**DESCRIPTION OF THE TASK:** Among the entries, find the lines with the string "Picknick" and report them.

Start of DATA RECORDS

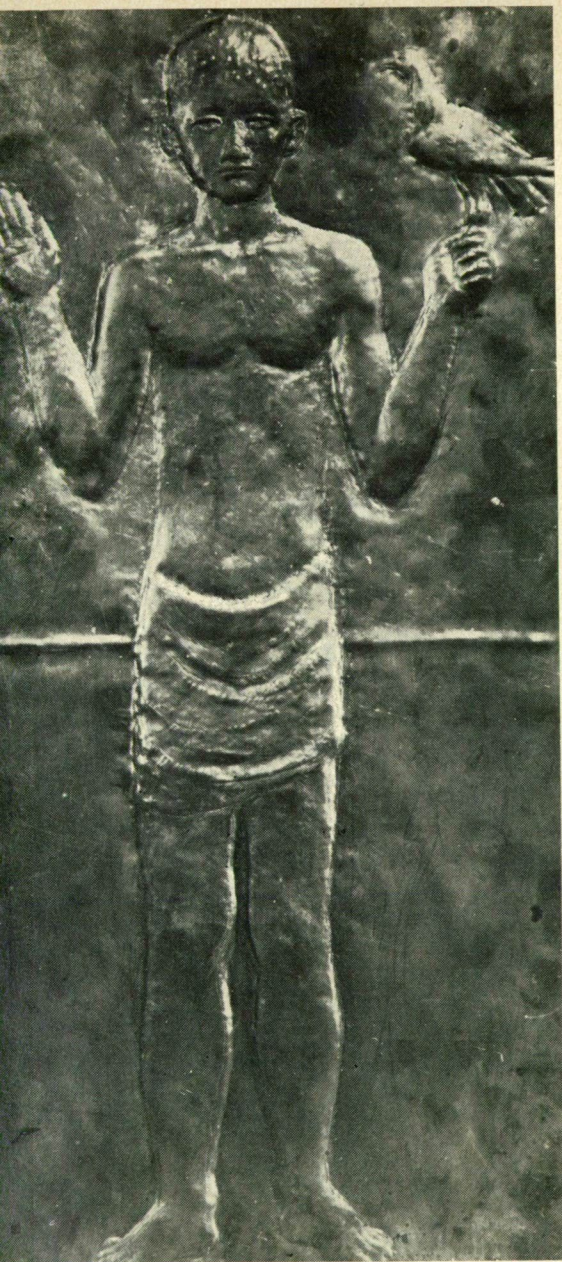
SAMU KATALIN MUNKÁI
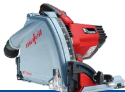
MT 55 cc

End of DATA RECORDS
Start of DATA RECORDS

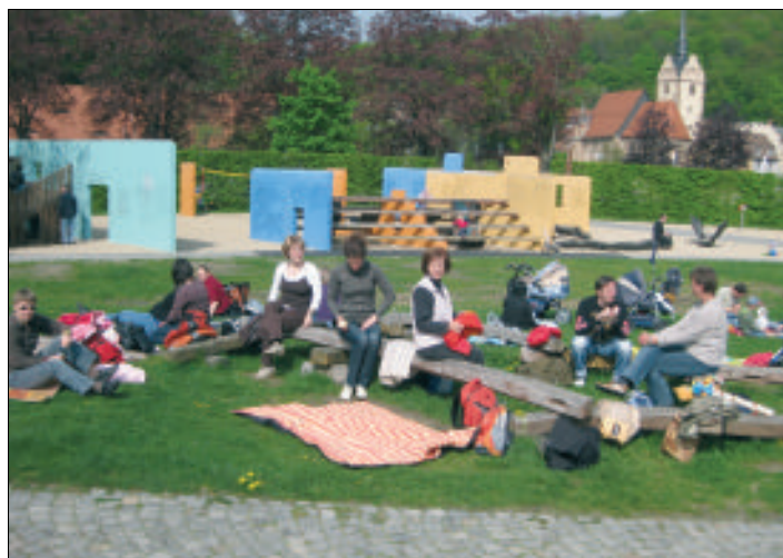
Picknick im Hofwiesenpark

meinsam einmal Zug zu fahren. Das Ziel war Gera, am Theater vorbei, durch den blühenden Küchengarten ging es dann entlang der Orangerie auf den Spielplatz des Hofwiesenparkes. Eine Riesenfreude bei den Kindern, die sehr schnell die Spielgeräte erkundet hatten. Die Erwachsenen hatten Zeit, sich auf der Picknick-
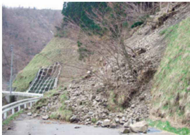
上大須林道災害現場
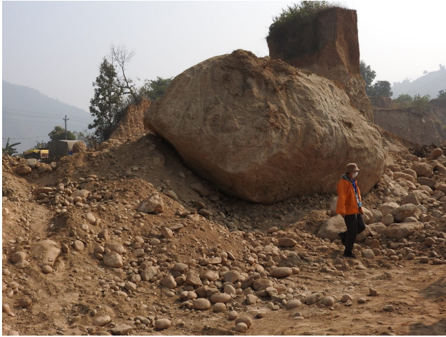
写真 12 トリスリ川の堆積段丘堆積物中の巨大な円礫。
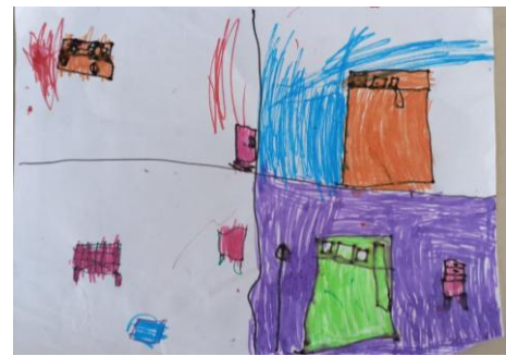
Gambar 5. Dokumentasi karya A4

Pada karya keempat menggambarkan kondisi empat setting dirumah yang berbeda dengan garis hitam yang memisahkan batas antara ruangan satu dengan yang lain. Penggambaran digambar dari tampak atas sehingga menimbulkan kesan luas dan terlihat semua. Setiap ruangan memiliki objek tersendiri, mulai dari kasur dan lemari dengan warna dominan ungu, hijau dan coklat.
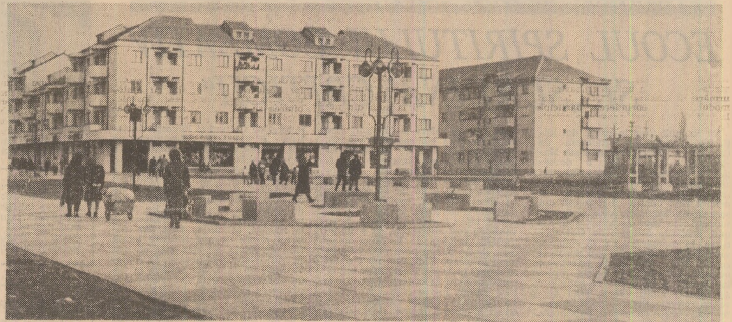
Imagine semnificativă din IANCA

End of DATA RECORDS
Start of DATA RECORDS

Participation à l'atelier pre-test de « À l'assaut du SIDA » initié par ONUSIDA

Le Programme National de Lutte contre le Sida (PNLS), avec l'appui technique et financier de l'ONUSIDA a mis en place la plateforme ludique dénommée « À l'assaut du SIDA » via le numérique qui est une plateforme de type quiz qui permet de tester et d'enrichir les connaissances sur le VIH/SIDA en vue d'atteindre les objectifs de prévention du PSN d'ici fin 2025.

End of DATA RECORDS

**RESULT OF THE EXERCISE:**
Picknick im Hofwiesenpark
meinsam einmal Zug zu fahren. Das Ziel war Gera, am Theater vorbei, durch den blühenden Küchengarten ging es dann entlang der Orangerie auf den Spielplatz des Hofwiesenparkes. Eine Riesenfreude bei den Kindern, die sehr schnell die Spielgeräte erkundet hatten. Die Erwachsenen hatten Zeit, sich auf der Picknick-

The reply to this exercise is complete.